What is being asked:
The line containing "Langs het kanaal" marks the start; extract exactly from it through the last line of the entries, and omit any pictures.

Entries taken from a collection
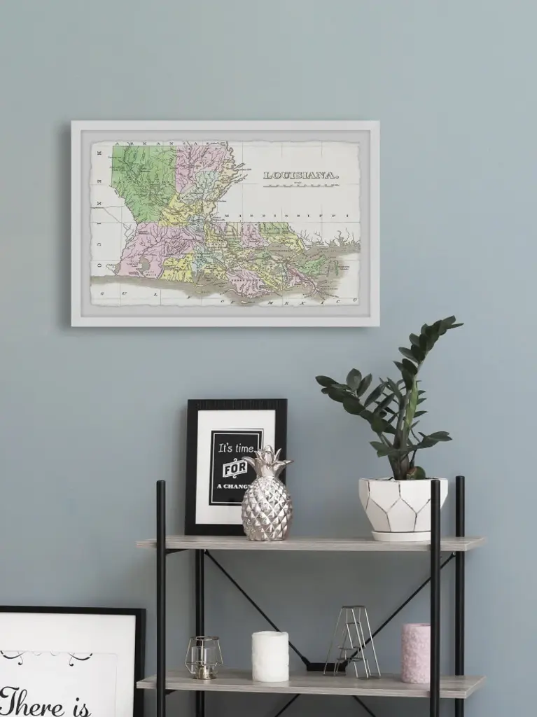 This colorful map features the entire state of Louisiana and its bordering states. Proudly printed in the USA, this piece is printed on high quality archive paper and professionally hand-framed. With wall-mounting hooks included, this artful accent is ready to hang up as soon as it reaches your front door.- Top quality Gicle print on high resolution Archive Paper- Hand cut deckled edges- High quality durable non-warping frame- Finished under shatter resistant plexiglass- Arrives ready to hang- Includes a certificate of authenticity- Printed in the USA
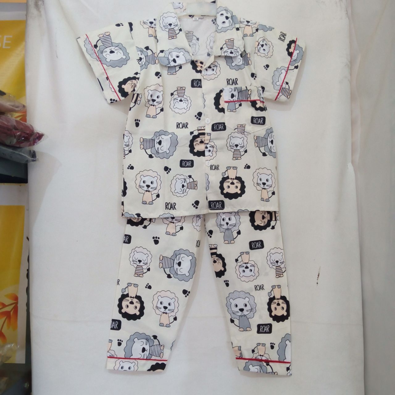 Ini adalah Piyama Anak XL Karakter size: LD75cmxPB49cmxPC67cm, material: katun, color: white, brand: piyamaanakbojonegoro, age_group: kids, style: cutie kids pajamas, gender: unisex, pattern: roar cartoon printing,
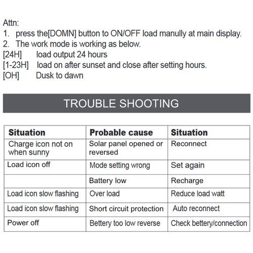 4. This controller can ONLY use photovoltaic panel as source, do NOT use DC or other supply as source.
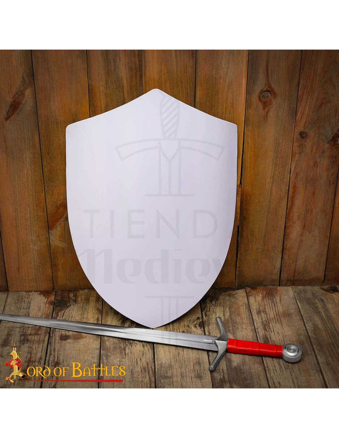 Die polierte und klare Oberfläche, wie im Bild zu sehen, bietet eine perfekte Leinwand, um das Schild in Ihr eigenes Banner zu verwandeln. Sie können es mit einem Templerkreuz, einem persönlichen Wappen oder in seiner metallischen Ausführung für eine schlichte und elegante Erscheinung dekorieren.
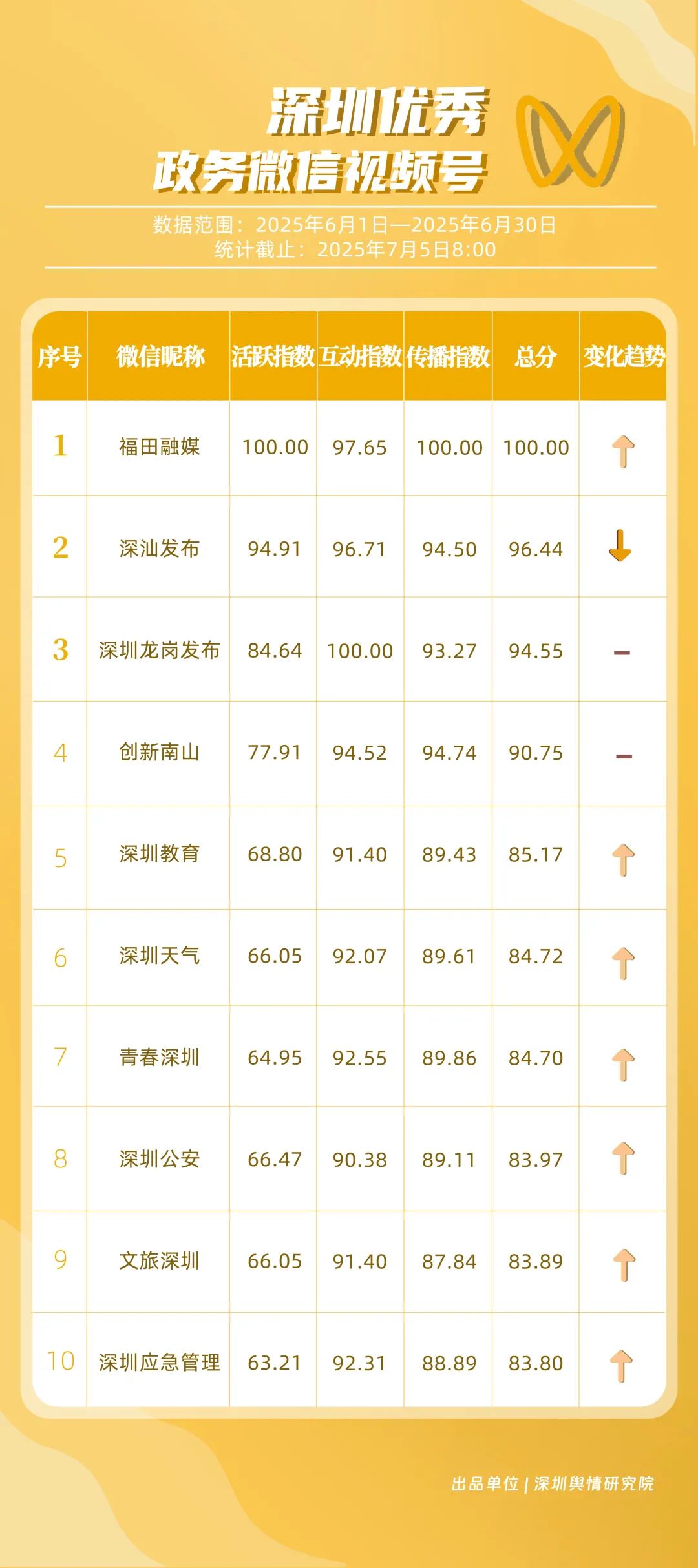 《深圳優(yōu)秀政務新媒體矩陣》將深圳黨政機關、企事業(yè)單位開設的政務公眾號(微信)、微博號、抖音號、視頻號(微信)及頭條號按照活躍指數(shù)、互動指數(shù)、傳播指數(shù)三項指標進行綜合評價,最終形成優(yōu)秀名單。
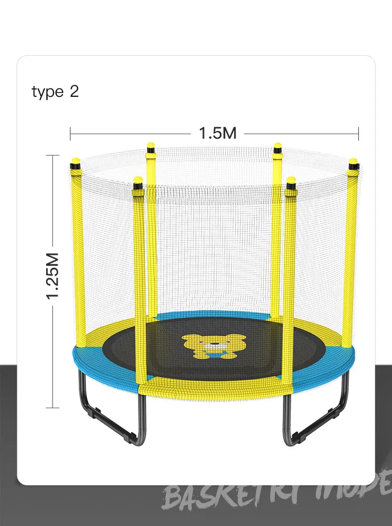 Тяжелый судить 4 дюйма пружины обеспечивают превосходное качество отказов и устойчив к коррозии. Коврик для прыжков изготовлен из сверхпрочного полипропилена с УФ-защитой для прочности и долговечности. Дизайн желтого цвета делает батут более спортивным и динамичным.
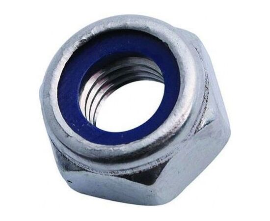 имеет нейлоновое кольцо, которое фиксирует гайку и предотвращает последующее откручивание соединений. Изготовлена из конструкционной углеродистой стали и оцинкована. Применяется в машиностроении, приборостроении, при сантехнических работах и общестроительных работах.
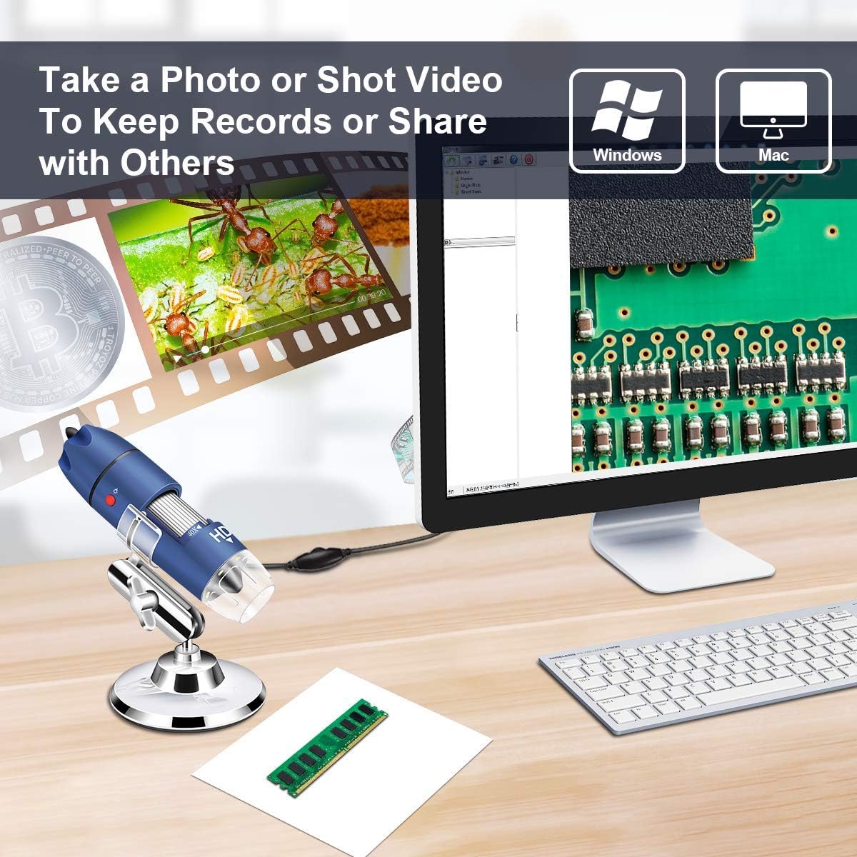 Cainda USB Digital Microscope: Connecting this microscope to your devices via USB, you can see the microworld image on your PC or android phone screen. Equipped with 8 LED lights. Support screenshot and video recording.Help you to get the better image.
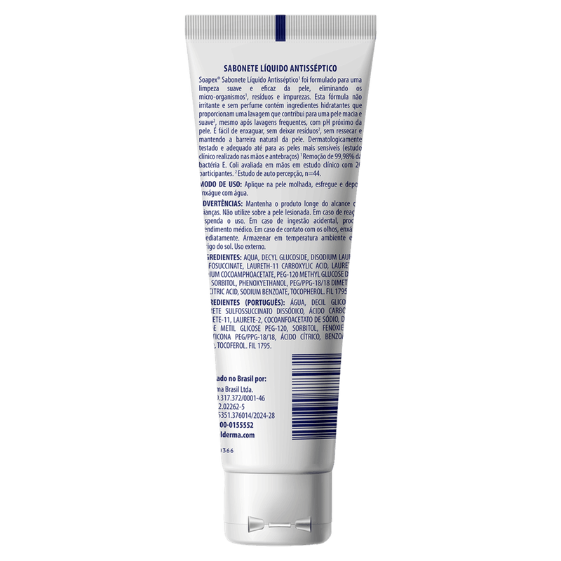 Com ação antisséptica comprovada, o Soapex atua na limpeza diária, controlando a oleosidade e prevenindo o ressecamento. Apresentado em bisnaga prática de 100ml com tampa flip-top, é fácil de transportar e ideal para uso doméstico ou em viagens. Sua textura líquida e cremosa proporciona fácil aplicação e enxágue, sem deixar resíduos.
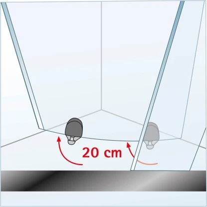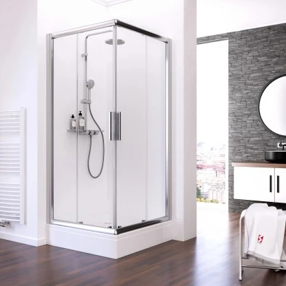 Die beiden Schiebetüren erzeugen einen großzügigen Eckeinstieg in den Duschbereich, verhalten sich aber ebenso platzsparend. Die zur Seite öffnenden Duschtüren ragen zu keinem Zeitpunkt in den Raum hinein.
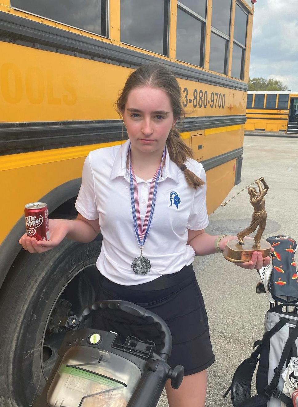 Senior Paige Champion celebrates her win with a Dr. Pepper. Photo courtesy of Lily O’Gorman.
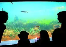 The lowest level of the Fluvarium features an underwater view of Nagle's Hill Brook through nine large viewing windows. Visitors can observe brown trout and salmon living in their natural habitat. The center also has a series of natural water aquariums and terrariums that showcase fish and amphibian species found throughout Newfoundland and Labrador.
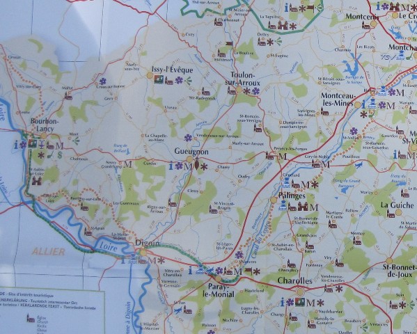 Langs het kanaal dat eerst heel breed was en bij een splitsing na een km wat smaller werd reden zij westwaarts richting Bourbon-Lancy.
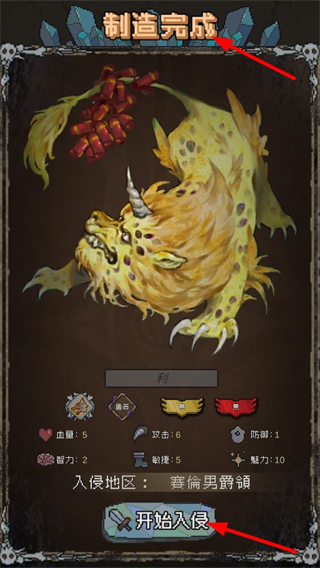 1、看到制造完成界面,可查看怪物的屬性數值與入侵地區,點擊開始入侵按鈕,即可啟動怪物對目標地區的入侵行動。
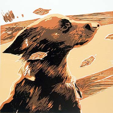 Serie von 6 Motiven, Holzschnitt, 4 farbig, Druckformat 30x30 cm,

Completed exercise:
 Langs het kanaal dat eerst heel breed was en bij een splitsing na een km wat smaller werd reden zij westwaarts richting Bourbon-Lancy.
 1、看到制造完成界面,可查看怪物的屬性數值與入侵地區,點擊開始入侵按鈕,即可啟動怪物對目標地區的入侵行動。
 Serie von 6 Motiven, Holzschnitt, 4 farbig, Druckformat 30x30 cm,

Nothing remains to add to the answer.